Wolverine: Old Man Logan (UK Edition) s/c back

Mark Millar & Steve McNiven

Price: 
£19.98

Page 45 Review by Stephen

Worth every penny, and I'm not being sarcastic for once. For a start McNiven's art has moved on spectacularly from CIVIL WAR and here you can relish it for all its wizened-faced worth. It's eight chapters of constantly surprising and in one instance truly shocking supposition about what the end of the road might look like for Marvel Comics' America: barren, and broken up into States controlled by various villains with one big bastard on top.

Fifty years on from the most traumatic night of his life, Logan is a pacifist. In the final hours of Marvel's dead heroes something so monumentally awful occurred that Wolverine will not pop his claws for any reason whatsoever. He won't even answer to the code-name Wolverine. Instead he leads a quiet life of rustic poverty as a farmer on land rented from the putrid, ruthless and redneck descendents of Bruce Banner, with a family of his own for whom he tries desperately to provide. He can't, and with the Banners wanting their month of rent or their pound of flesh it's at this pivotal juncture that an old colleague turns up on his doorstep with an offer Logan has no choice but to accept: play navigational white-walking-stick for blind former marksman Clint Barton AKA Hawkeye on a road trip from West to East Coast to deliver a package that must not be opened.

Who or what is waiting for this dysfunctional duo in the less than united states? All manner of perverse permutations of old heroes and villains, a fair few skeletons strewn across country and a good one or two in Clint's and Logan's own closets.

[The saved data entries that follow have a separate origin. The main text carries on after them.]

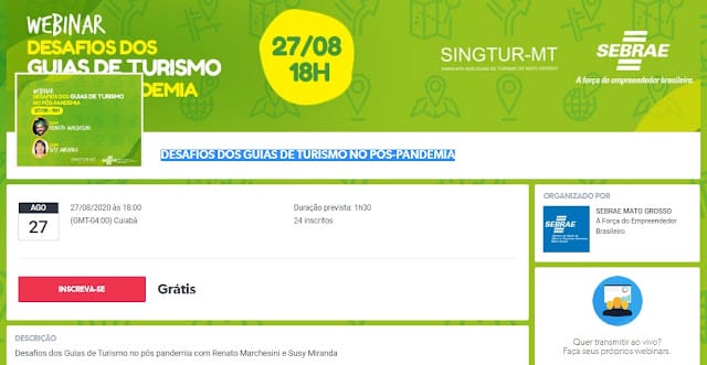 Webinar SEBRAE Mato Grosso: DESAFIOS DOS GUIAS DE TURISMO NO PÓS-PANDEMIA (27-08-2020)
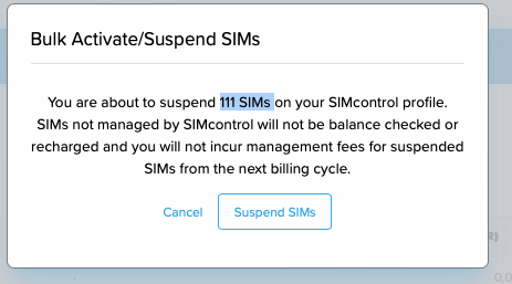 You will be presented with the following modal. Double check that the sim count is correct and then select Suspend SIMs.
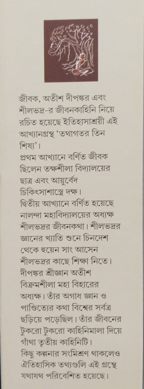 জীবক, অতীশ দীপঙ্কর এবং শীলভদ্র-র জীবনকাহিনি নিয়ে রচিত হয়েছে ইতিহাসাশ্রয়ী এই আখ্যানগ্রন্থ 'তথাগতর তিন শিষ্য'।

Cleverly thought out, really quite nasty but enormously funny as well, if I told you a slither of what's in store for you, you'd snap this book up in an instant. But then you wouldn't enjoy half the surprises we all have here. However: an arena of dinosaur-death faced by two long-term antagonists, and a very unusual symbiotic host for Venom; mothers and daughters; Mount Rushmore with a substantially different aspect, and the best use ever for Logan's healing factor which you'll need to digest for yourself. Never bite off more than you can chew - that's all I'm saying.

Also, Bill Bixby's best line has finally been called and raised:

"You shouldn't have made me angry, Logan. ...People piss themselves when I get angry."

Lonewolf and Bub: you'll see what I mean by the end.